Ordnungsamt und Gastronomen erwarten einen sprunghaften Anstieg. Zur angemessenen Kontrolle fehlt der Stadt aber das Personal.
NÜRNBERG Nach dem Urteil des Bundesverfassungsgerichts herrscht auch im Freistaat endlich Klarheit in Sachen Rauchverbot. Oder?
Mindestens ein Fünftel aller Nürnberger Gaststätten sind schon jetzt Raucher-Klubs
Sicher ist in jedem Fall, dass die bayerische Gesetzgebung – die strengste Deutschlands – Bestand hat: Das Rauchen bleibt in Kneipen und Gaststätten verboten. Aber nur, solange sie als „öffentlich“ gelten. Denn jeder Wirt kann – auch das bestätigten die Karlsruher Richter – sein Etablissement in einen Privat-Klub umfunktionieren – und da darf dann geraucht werden, bis das Bierglas im Qualm versinkt.

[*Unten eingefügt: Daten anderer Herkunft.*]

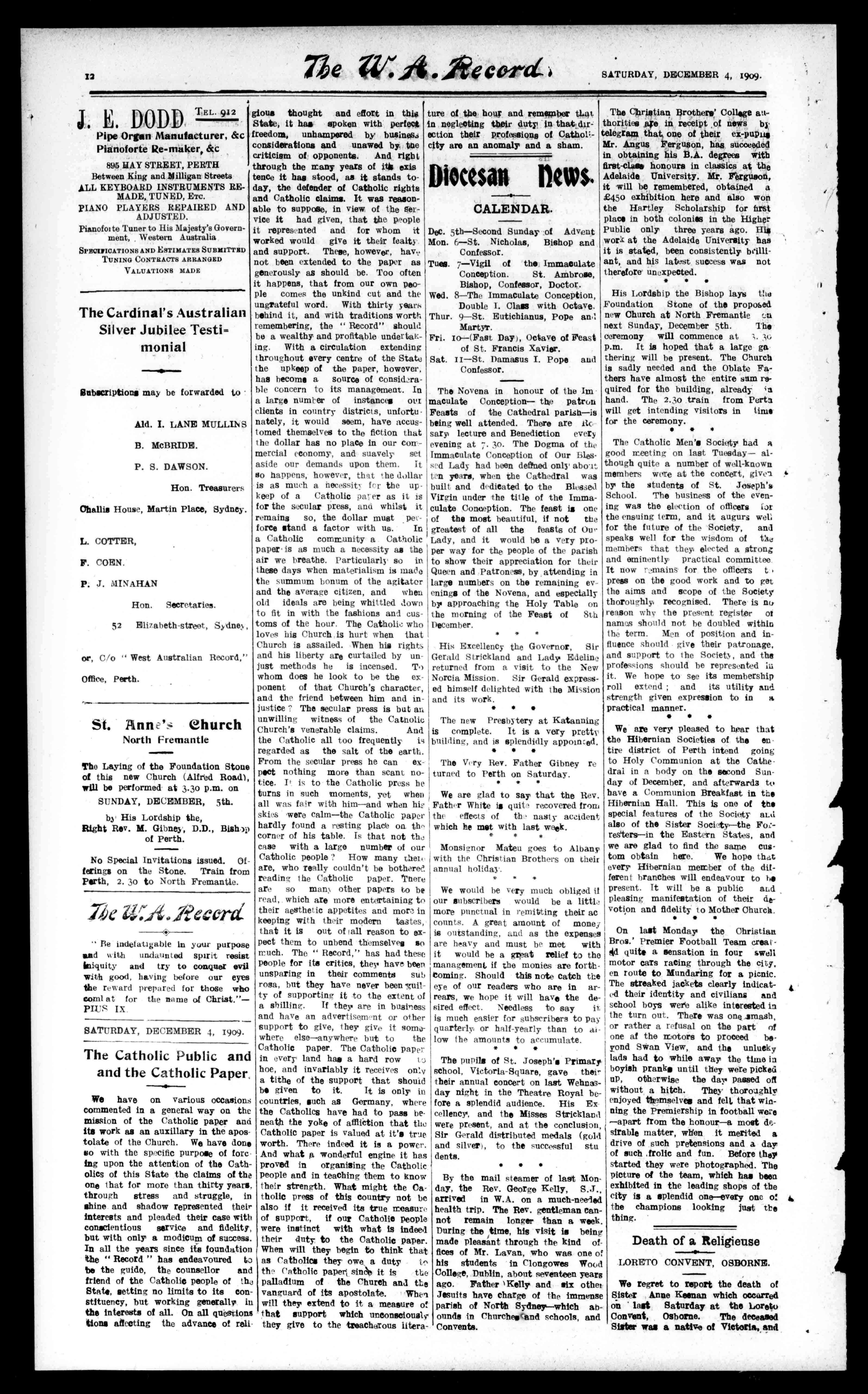OnthefollowingWednesdayeveninga"Moc'eElection,"washeld, thisIeingtheSyllabusItemforthe evening,andwascarriedoutwithoutahitch.Itwasdecidedthat thecandidates(Messrs.'fully, A. Goerke,G.Kerr,andK.Bone), shouldstandforMayorofVictoria Park."Thecandidatesspoke'gig. orouslyinsupportoftheircandida tura,anditwassoonforeseenthat thecontestwouldbeanexcitingone. Afterthe"ratepayers"hadexcised tilervotes,andthelathrcounted. theReturning-Officer(Mr.J.Pres ton),declaredMr.J.Tulleelected withMessrs.K.Bone,A.Goerke, andG.Kerrfollowingintheorder named.Thecandidatesreturning thankstothe"ratepayers." Me. G.Kerrproposedavoteofthanks totheReturning-Officerandtheexcitementwasover. OnthefollowingafternoontheSociety.'sCricketXIjourneyedtoClow tarf,whereamatch-hadbeenar ratedagainsttheOrphanageteam. Thevisitorswerewelcomedbythe Rev.Bro.O'Connor,whoconducted hemtothespaciousgrounds,where somehundredorsoyoungladswere indulgingingamesofvariouskinds. Thecrick'etmatchlasteduntillatein. theafternoon,andresultedin a driwngame.TheClontarflads showedsurprisinglygoodform,and werefarbetterexponentsofthe gamethanwasexpected.Afterthe game,thevisitorswatchedthelads atvariousgames,andsports,in whichmanyofthemexcelled. An adjournmentwasmadetothebuildingswherethedifferentdepartments wereshowntothevisitors.After 4heDormatries,Dining-toom,Chapel. Infirmitary,&c.,hadbeeninspected anadjournmentwasmadeforafternoontea,generously.providedbythe Brothers.Attheconclusion,Mr.G Kerr(President),secondedby Mr. K.Bone(Secretary),movedahear ty'voteofthankstotheRev,bre O'Connorforhiskindnessduringt afternoon.Bro.O'Connor,inthank ingthevisitorsexpressedthehope thathewouldseethemattheOrp hanageagain,atnodistantdate, sayingthatthevisitwasareal treattotheladsandarenewalet itwouldbelookedforwardtowith delightontheirpart. Theelectriclightplant,garden,its wasinspectedafterwhichthevisitors. leftforhomehavinggreatlyenjoyedtheirday'souting. Wednesdaythe24thwasan"Ath letioNight,"themenitersindulging insportsandexercisesofvarious kinds.Agoodattendanceofmentberswaspresent. TheSyllabusItemofWed. toe 24thisa"Debate"-subjecttobe fixed.Allmembersarerequestedto bepresentasthisisthelastsue jectforwhichcompetitionforthe. Society'llmedaltakesplace.

Schon vor einem Vierteljahr zählte Michael Schaffert vom Ordnungsamt 235 registrierte Raucher-Klubs in Nürnberg – fast 20 Prozent aller 1500 Gaststätten! Und er ging zudem von „einer großen Dunkelziffer“ aus. Damit, dass die Zahl nach dem BVG-Urteil weiter steigt, rechnet nicht nur Schaffert – Marc Klages, Vorsitzender der Nürnberger „Jungen Wirte“, erwartet gar, dass sie „bald in der Mehrheit“ sind. Das Urteil zwinge viele Wirte förmlich dazu. Rauchverbot paradox – gibt’s bald nur noch Raucher-Klubs?
Beim Ordnungsamt ist man nicht wirklich glücklich mit dem Schlupfloch
Gerade Innenstadt-Kneipen können ihre rauchenden Gäste nicht ohne Weiteres vor die Tür lassen – wegen Lärms laufen die Anwohner Sturm. Der Grund dafür, dass David Lohdi und Wolfgang Dengler, Betreiber des „Club Stereo“ in der Klaragasse, ihren Tanzpalast nach diversen Anzeigen wegen Ruhestörung kurzerhand zur ersten Raucherdisco Nürnbergs erklärt haben. Auch Marc Klages, selbst Nichtraucher, lässt sich die Möglichkeit offen, in seinem noch rauchfreien „Frizz“ in der Weißgerbergasse bald wieder „Feuer frei“ zu geben.
Beim Ordnungsamt ist man nicht wirklich glücklich mit dem – durchs BVG legitimierten – Schlupfloch: „Wir haben keinen Außendienst, um Klub-Mitgliedschaften angemessen zu kontrollieren“, sagt Schaffert, dem das Personal für eine „Paff-Polizei“ fehlt: „Wenn der Freistaat jetzt strenge Kontrollen fordern sollte, müsste er das den Kommunen auch bezahlen.“
Gegen eine Vereinheitlichung des Klub-Wesens – wenn etwa der „Verein zum Erhalt der bayerischen Wirtshauskultur“ eine einheitliche Mitgliedskarte herausgäbe – hätte er nichts einzuwenden. Derzeit dürfen die Rauch-Wirte ihre Klubs noch weitgehend nach eigenem Gutdünken organisieren.
Mit der einzigen, nicht-Klub-gebundenen, Ausnahme des Rauchverbots ist übrigens nächstes Jahr Schluss: Das Herbstvolksfest 2008 ist das letzte, auf dem in den Bierzelten geraucht werden darf.